TASK PROMPT =>
Exclude pictures and give again exactly the lines of the listing, beginning with its first line and ending with the one that contains "Ego: Part Two".

++++ GIVEN INFORMATION ++++

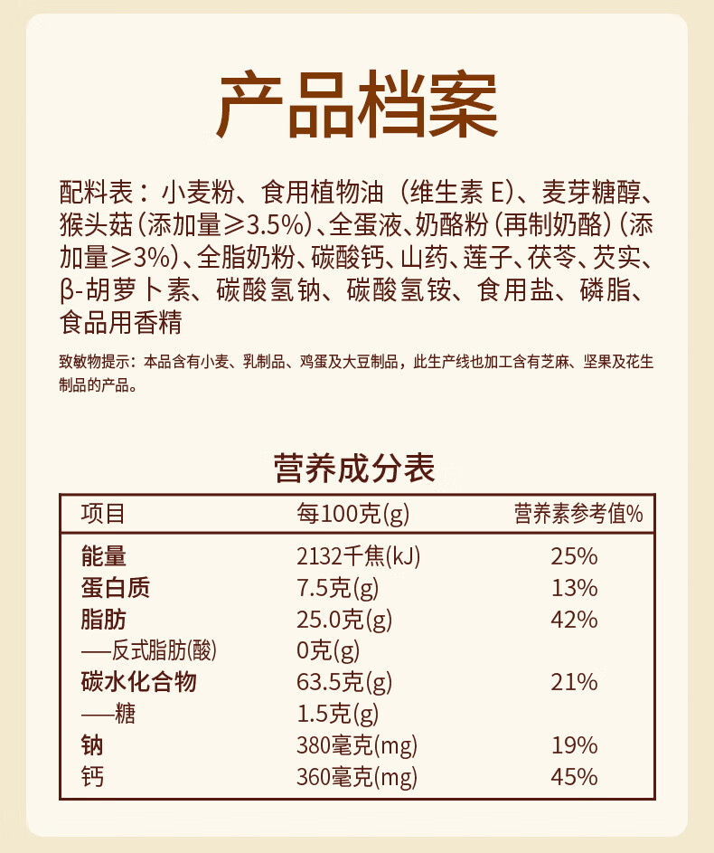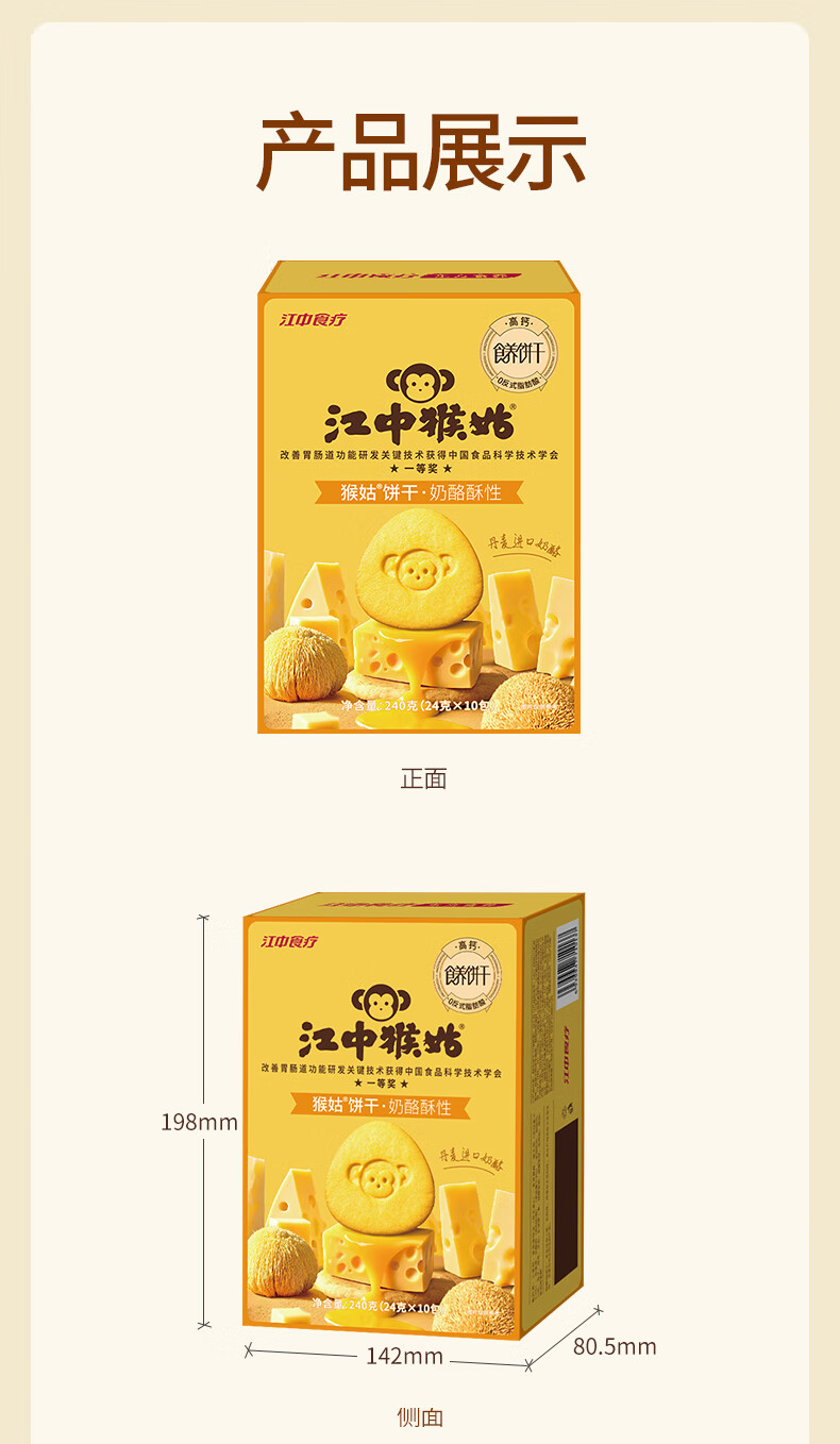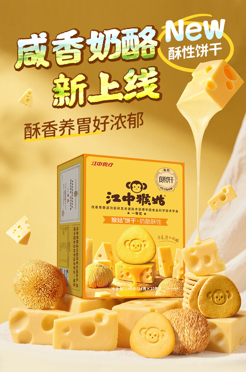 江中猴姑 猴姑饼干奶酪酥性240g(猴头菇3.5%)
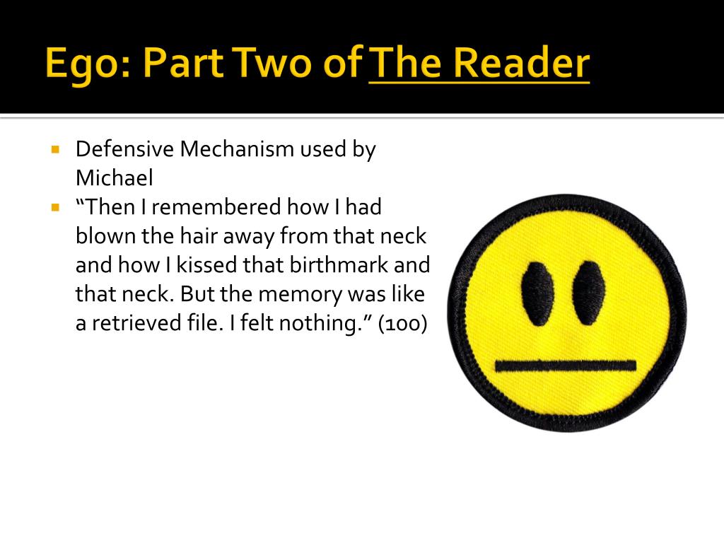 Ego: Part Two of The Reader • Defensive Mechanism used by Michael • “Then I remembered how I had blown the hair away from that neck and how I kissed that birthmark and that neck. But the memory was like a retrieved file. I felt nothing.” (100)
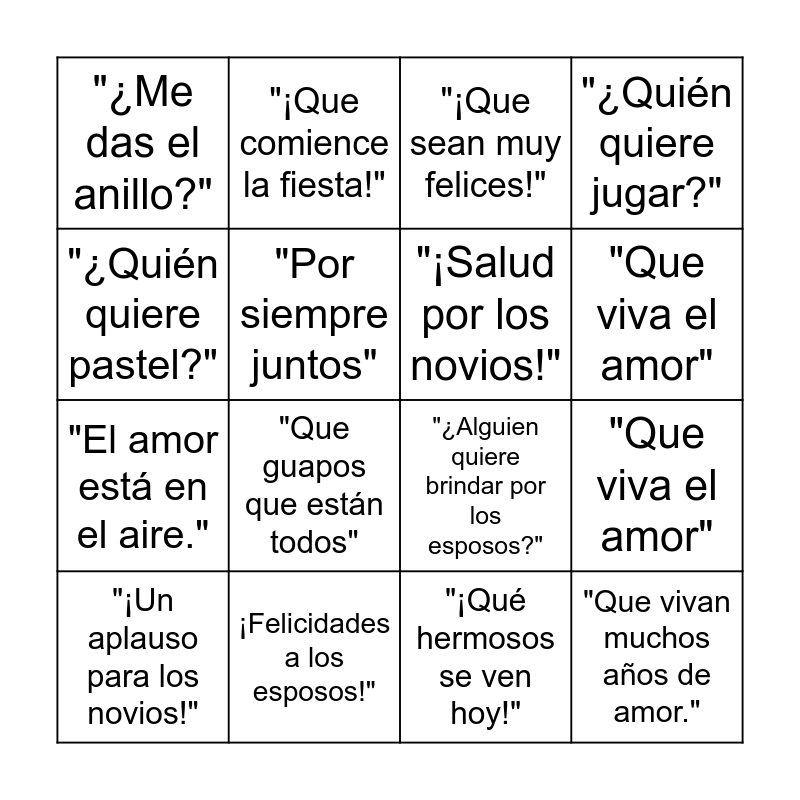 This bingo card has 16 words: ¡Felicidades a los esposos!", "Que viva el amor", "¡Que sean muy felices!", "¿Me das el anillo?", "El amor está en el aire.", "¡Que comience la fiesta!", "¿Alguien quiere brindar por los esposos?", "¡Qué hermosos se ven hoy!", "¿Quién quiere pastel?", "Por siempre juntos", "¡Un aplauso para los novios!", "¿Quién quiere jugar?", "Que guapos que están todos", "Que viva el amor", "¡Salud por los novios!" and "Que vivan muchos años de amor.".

++++

EXERCISE OUTPUT =>
 江中猴姑 猴姑饼干奶酪酥性240g(猴头菇3.5%)
 Ego: Part Two of The Reader • Defensive Mechanism used by Michael • “Then I remembered how I had blown the hair away from that neck and how I kissed that birthmark and that neck. But the memory was like a retrieved file. I felt nothing.” (100)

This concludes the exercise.